● Task goal: Copy the data that appears below exactly. Drop the pictures.

● Information shown:
···

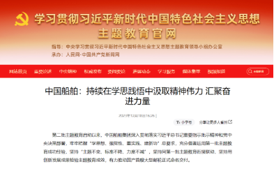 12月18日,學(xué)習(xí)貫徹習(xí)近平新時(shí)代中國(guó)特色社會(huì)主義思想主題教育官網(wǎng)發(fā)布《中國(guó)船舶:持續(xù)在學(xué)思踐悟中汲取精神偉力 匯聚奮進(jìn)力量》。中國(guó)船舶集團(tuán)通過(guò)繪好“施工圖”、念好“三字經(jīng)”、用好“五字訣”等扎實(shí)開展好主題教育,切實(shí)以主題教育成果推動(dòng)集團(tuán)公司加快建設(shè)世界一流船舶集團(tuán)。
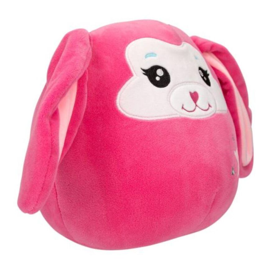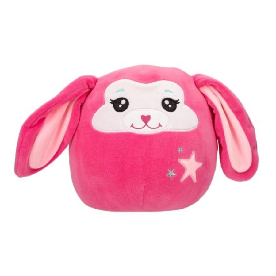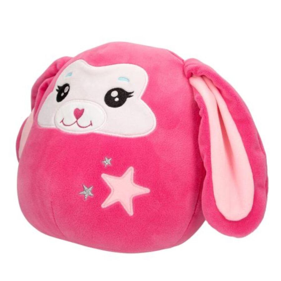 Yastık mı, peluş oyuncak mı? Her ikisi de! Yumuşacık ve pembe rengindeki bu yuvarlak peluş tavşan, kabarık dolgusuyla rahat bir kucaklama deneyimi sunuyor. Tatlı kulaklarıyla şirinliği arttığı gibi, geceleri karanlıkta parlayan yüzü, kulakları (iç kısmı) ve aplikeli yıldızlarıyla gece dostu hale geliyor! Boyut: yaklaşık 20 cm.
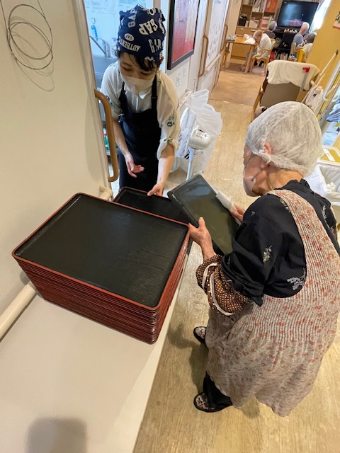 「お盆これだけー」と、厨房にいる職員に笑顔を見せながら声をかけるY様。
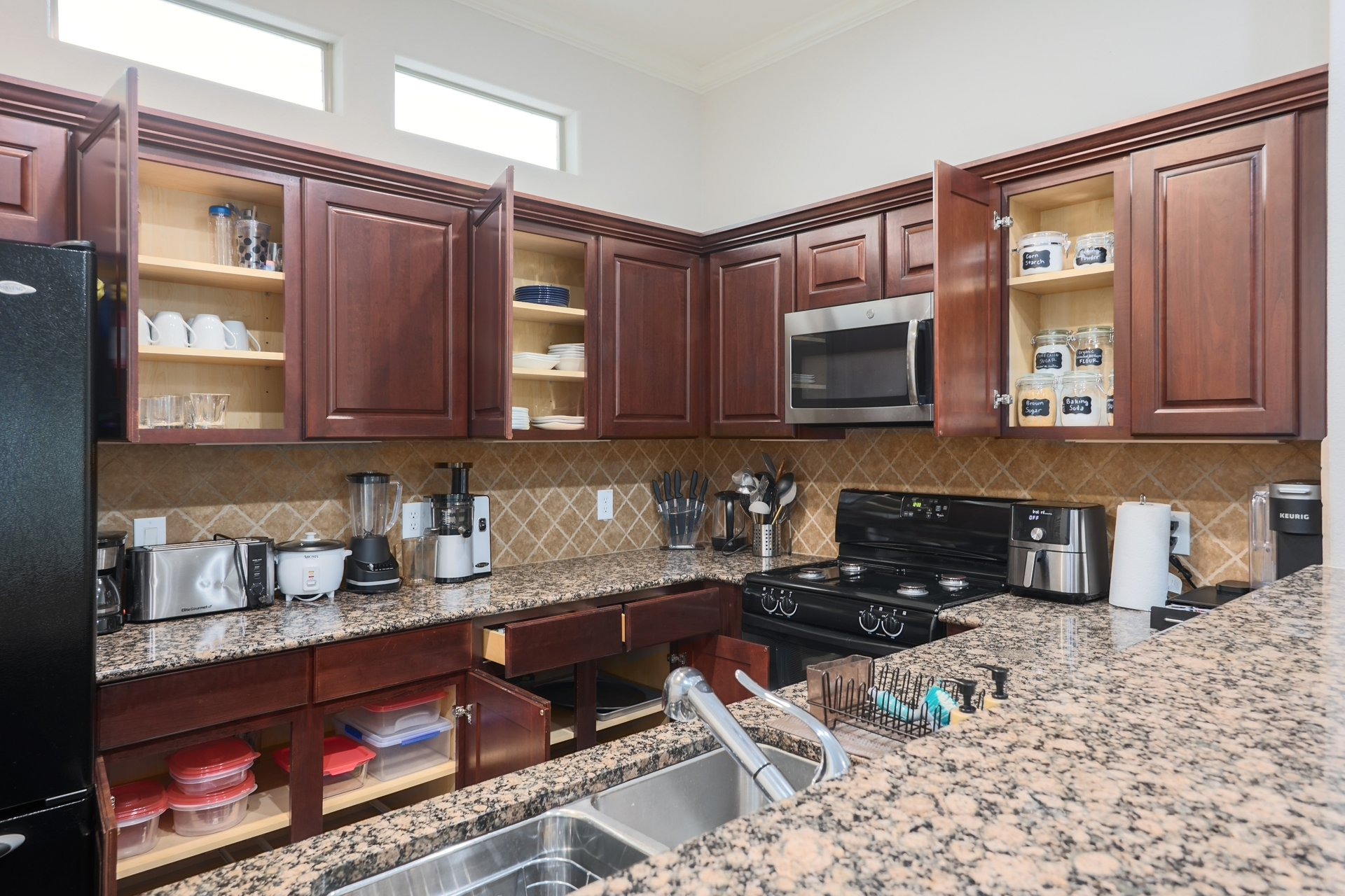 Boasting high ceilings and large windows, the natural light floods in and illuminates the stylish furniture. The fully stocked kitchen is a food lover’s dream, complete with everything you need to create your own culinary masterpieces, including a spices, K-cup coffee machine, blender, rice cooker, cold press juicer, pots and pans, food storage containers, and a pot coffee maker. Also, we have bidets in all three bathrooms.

···

● Finished task:
 12月18日,學(xué)習(xí)貫徹習(xí)近平新時(shí)代中國(guó)特色社會(huì)主義思想主題教育官網(wǎng)發(fā)布《中國(guó)船舶:持續(xù)在學(xué)思踐悟中汲取精神偉力 匯聚奮進(jìn)力量》。中國(guó)船舶集團(tuán)通過(guò)繪好“施工圖”、念好“三字經(jīng)”、用好“五字訣”等扎實(shí)開展好主題教育,切實(shí)以主題教育成果推動(dòng)集團(tuán)公司加快建設(shè)世界一流船舶集團(tuán)。
 Yastık mı, peluş oyuncak mı? Her ikisi de! Yumuşacık ve pembe rengindeki bu yuvarlak peluş tavşan, kabarık dolgusuyla rahat bir kucaklama deneyimi sunuyor. Tatlı kulaklarıyla şirinliği arttığı gibi, geceleri karanlıkta parlayan yüzü, kulakları (iç kısmı) ve aplikeli yıldızlarıyla gece dostu hale geliyor! Boyut: yaklaşık 20 cm.
 「お盆これだけー」と、厨房にいる職員に笑顔を見せながら声をかけるY様。
 Boasting high ceilings and large windows, the natural light floods in and illuminates the stylish furniture. The fully stocked kitchen is a food lover’s dream, complete with everything you need to create your own culinary masterpieces, including a spices, K-cup coffee machine, blender, rice cooker, cold press juicer, pots and pans, food storage containers, and a pot coffee maker. Also, we have bidets in all three bathrooms.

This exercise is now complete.